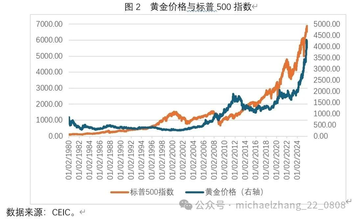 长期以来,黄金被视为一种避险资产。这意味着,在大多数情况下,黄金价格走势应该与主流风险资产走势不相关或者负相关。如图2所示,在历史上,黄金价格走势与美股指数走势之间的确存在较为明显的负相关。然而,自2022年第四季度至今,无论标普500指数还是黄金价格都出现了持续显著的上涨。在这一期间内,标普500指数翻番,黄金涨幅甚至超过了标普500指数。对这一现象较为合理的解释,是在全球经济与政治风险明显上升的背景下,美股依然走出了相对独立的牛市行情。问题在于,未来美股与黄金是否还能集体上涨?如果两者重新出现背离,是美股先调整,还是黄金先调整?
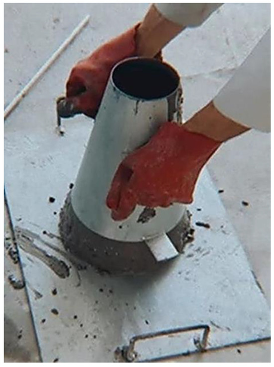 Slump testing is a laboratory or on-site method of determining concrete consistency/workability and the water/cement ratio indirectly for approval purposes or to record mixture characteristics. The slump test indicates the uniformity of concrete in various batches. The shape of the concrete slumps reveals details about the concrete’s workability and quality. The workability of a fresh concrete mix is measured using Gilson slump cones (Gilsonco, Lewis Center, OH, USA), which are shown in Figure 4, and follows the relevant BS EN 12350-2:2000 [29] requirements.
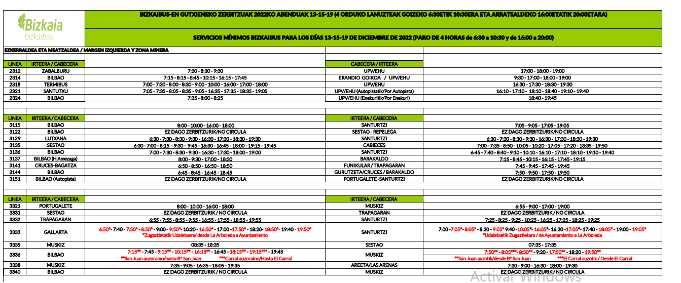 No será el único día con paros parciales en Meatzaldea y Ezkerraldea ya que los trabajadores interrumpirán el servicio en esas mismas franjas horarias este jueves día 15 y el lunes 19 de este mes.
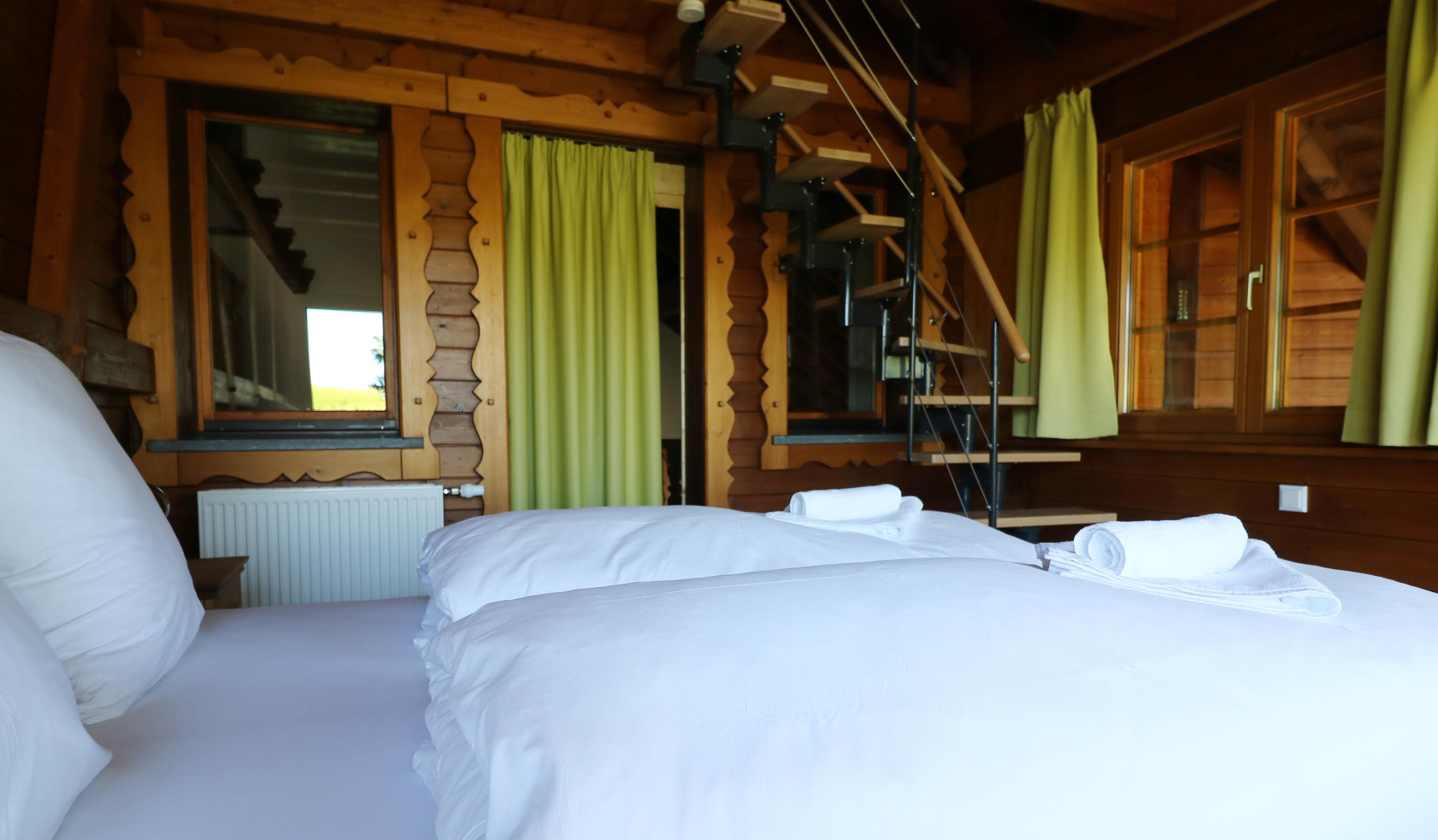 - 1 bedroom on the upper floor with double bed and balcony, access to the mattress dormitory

━━━━━━━━━━━━━━━━━━━━

### What the task requires
The reply should contain all of the data above, word for word, with no pictures.

### Solution to the problem
 长期以来,黄金被视为一种避险资产。这意味着,在大多数情况下,黄金价格走势应该与主流风险资产走势不相关或者负相关。如图2所示,在历史上,黄金价格走势与美股指数走势之间的确存在较为明显的负相关。然而,自2022年第四季度至今,无论标普500指数还是黄金价格都出现了持续显著的上涨。在这一期间内,标普500指数翻番,黄金涨幅甚至超过了标普500指数。对这一现象较为合理的解释,是在全球经济与政治风险明显上升的背景下,美股依然走出了相对独立的牛市行情。问题在于,未来美股与黄金是否还能集体上涨?如果两者重新出现背离,是美股先调整,还是黄金先调整?
 Slump testing is a laboratory or on-site method of determining concrete consistency/workability and the water/cement ratio indirectly for approval purposes or to record mixture characteristics. The slump test indicates the uniformity of concrete in various batches. The shape of the concrete slumps reveals details about the concrete’s workability and quality. The workability of a fresh concrete mix is measured using Gilson slump cones (Gilsonco, Lewis Center, OH, USA), which are shown in Figure 4, and follows the relevant BS EN 12350-2:2000 [29] requirements.
 No será el único día con paros parciales en Meatzaldea y Ezkerraldea ya que los trabajadores interrumpirán el servicio en esas mismas franjas horarias este jueves día 15 y el lunes 19 de este mes.
 - 1 bedroom on the upper floor with double bed and balcony, access to the mattress dormitory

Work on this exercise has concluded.